Task brief. Apart from pictures, transcribe exactly each line from the one containing "- When adjusting" through the final line of the listing below.

Given data.

******

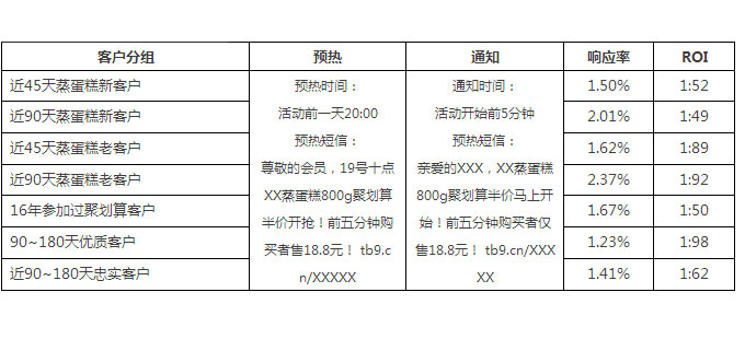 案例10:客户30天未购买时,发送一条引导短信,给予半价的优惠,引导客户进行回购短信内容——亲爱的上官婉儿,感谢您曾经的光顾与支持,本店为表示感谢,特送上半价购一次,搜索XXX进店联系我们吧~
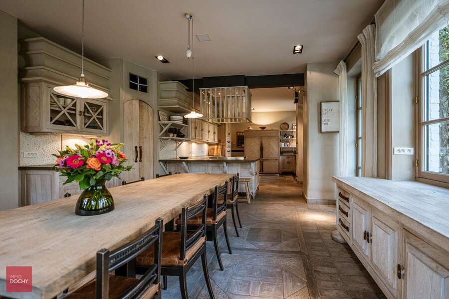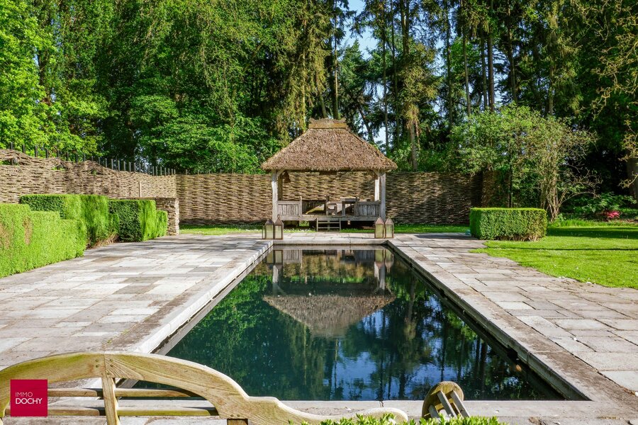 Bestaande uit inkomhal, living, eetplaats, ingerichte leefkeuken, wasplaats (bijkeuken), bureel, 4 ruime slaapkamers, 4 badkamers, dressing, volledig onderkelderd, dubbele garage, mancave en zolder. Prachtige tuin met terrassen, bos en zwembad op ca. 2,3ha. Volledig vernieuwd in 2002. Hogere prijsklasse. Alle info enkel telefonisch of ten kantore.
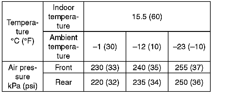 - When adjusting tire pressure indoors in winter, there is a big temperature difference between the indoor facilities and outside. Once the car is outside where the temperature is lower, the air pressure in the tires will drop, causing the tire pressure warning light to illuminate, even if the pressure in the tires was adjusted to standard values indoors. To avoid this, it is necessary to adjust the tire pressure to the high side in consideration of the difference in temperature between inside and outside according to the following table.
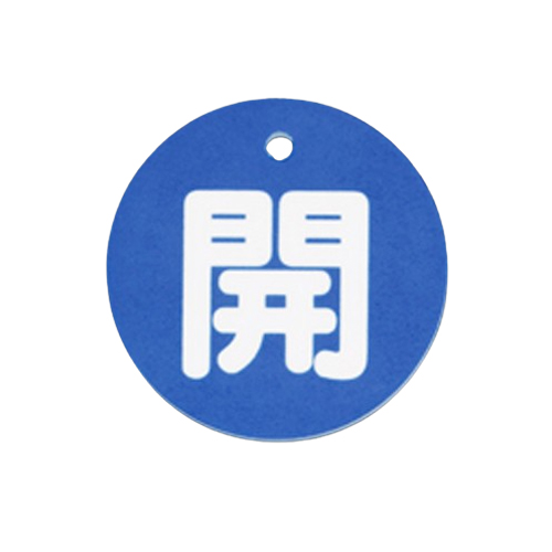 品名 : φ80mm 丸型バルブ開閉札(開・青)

******

Exercise answer.
 - When adjusting tire pressure indoors in winter, there is a big temperature difference between the indoor facilities and outside. Once the car is outside where the temperature is lower, the air pressure in the tires will drop, causing the tire pressure warning light to illuminate, even if the pressure in the tires was adjusted to standard values indoors. To avoid this, it is necessary to adjust the tire pressure to the high side in consideration of the difference in temperature between inside and outside according to the following table.
 品名 : φ80mm 丸型バルブ開閉札(開・青)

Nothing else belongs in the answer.